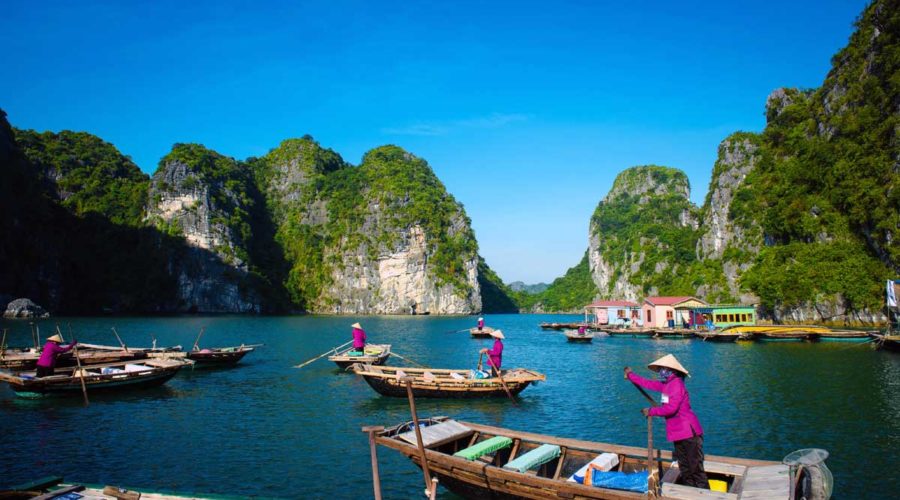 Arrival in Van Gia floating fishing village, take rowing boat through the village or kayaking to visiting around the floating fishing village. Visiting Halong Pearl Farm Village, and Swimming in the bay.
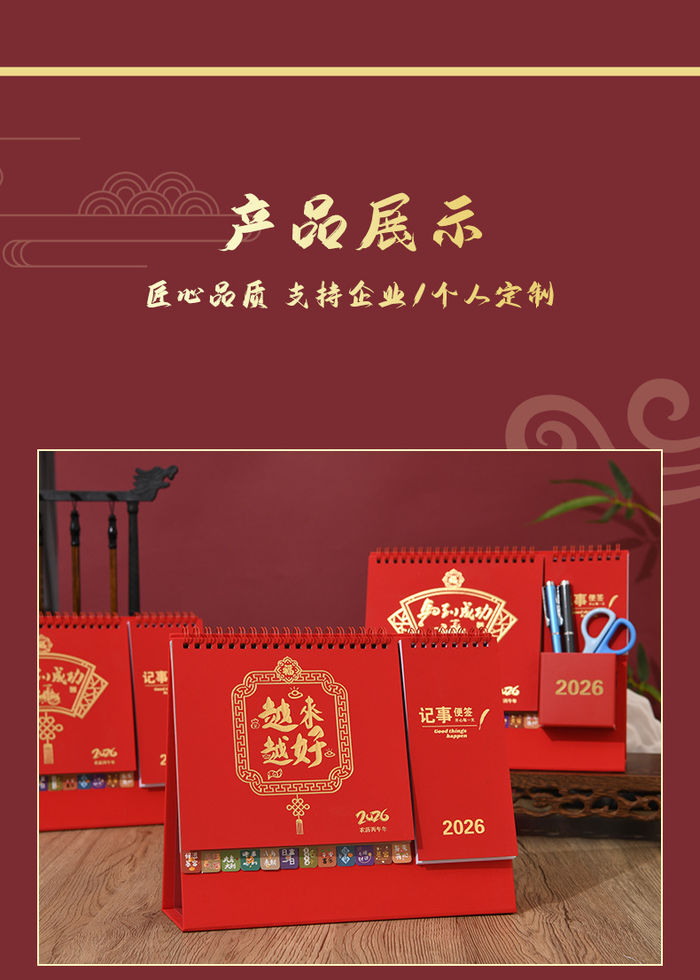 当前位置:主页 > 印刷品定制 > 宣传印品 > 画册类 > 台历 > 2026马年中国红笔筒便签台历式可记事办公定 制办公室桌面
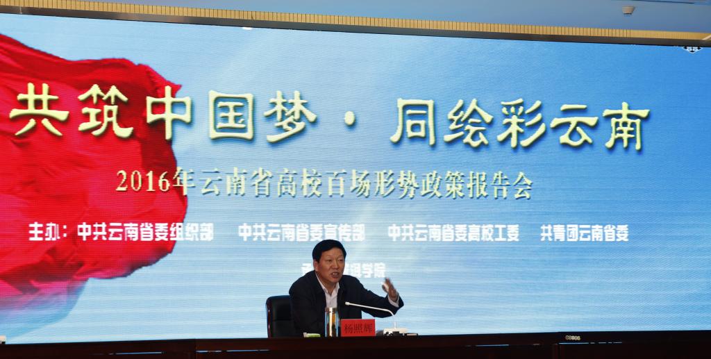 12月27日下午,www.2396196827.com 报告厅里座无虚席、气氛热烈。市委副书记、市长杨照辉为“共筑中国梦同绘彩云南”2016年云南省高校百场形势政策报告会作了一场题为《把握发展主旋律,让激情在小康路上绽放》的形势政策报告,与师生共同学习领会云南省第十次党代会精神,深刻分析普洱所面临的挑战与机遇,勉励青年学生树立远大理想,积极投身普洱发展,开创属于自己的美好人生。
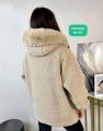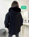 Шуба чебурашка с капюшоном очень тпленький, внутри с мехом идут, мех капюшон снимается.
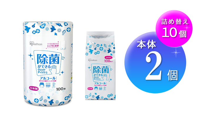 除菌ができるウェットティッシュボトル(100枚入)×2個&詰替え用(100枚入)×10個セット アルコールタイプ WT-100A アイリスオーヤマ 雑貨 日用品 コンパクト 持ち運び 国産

[Your goal] Now transcribe all the entries above exactly, so that no picture is carried over.

[Written response]
 Arrival in Van Gia floating fishing village, take rowing boat through the village or kayaking to visiting around the floating fishing village. Visiting Halong Pearl Farm Village, and Swimming in the bay.
 当前位置:主页 > 印刷品定制 > 宣传印品 > 画册类 > 台历 > 2026马年中国红笔筒便签台历式可记事办公定 制办公室桌面
 12月27日下午,www.2396196827.com 报告厅里座无虚席、气氛热烈。市委副书记、市长杨照辉为“共筑中国梦同绘彩云南”2016年云南省高校百场形势政策报告会作了一场题为《把握发展主旋律,让激情在小康路上绽放》的形势政策报告,与师生共同学习领会云南省第十次党代会精神,深刻分析普洱所面临的挑战与机遇,勉励青年学生树立远大理想,积极投身普洱发展,开创属于自己的美好人生。
 Шуба чебурашка с капюшоном очень тпленький, внутри с мехом идут, мех капюшон снимается.
 除菌ができるウェットティッシュボトル(100枚入)×2個&詰替え用(100枚入)×10個セット アルコールタイプ WT-100A アイリスオーヤマ 雑貨 日用品 コンパクト 持ち運び 国産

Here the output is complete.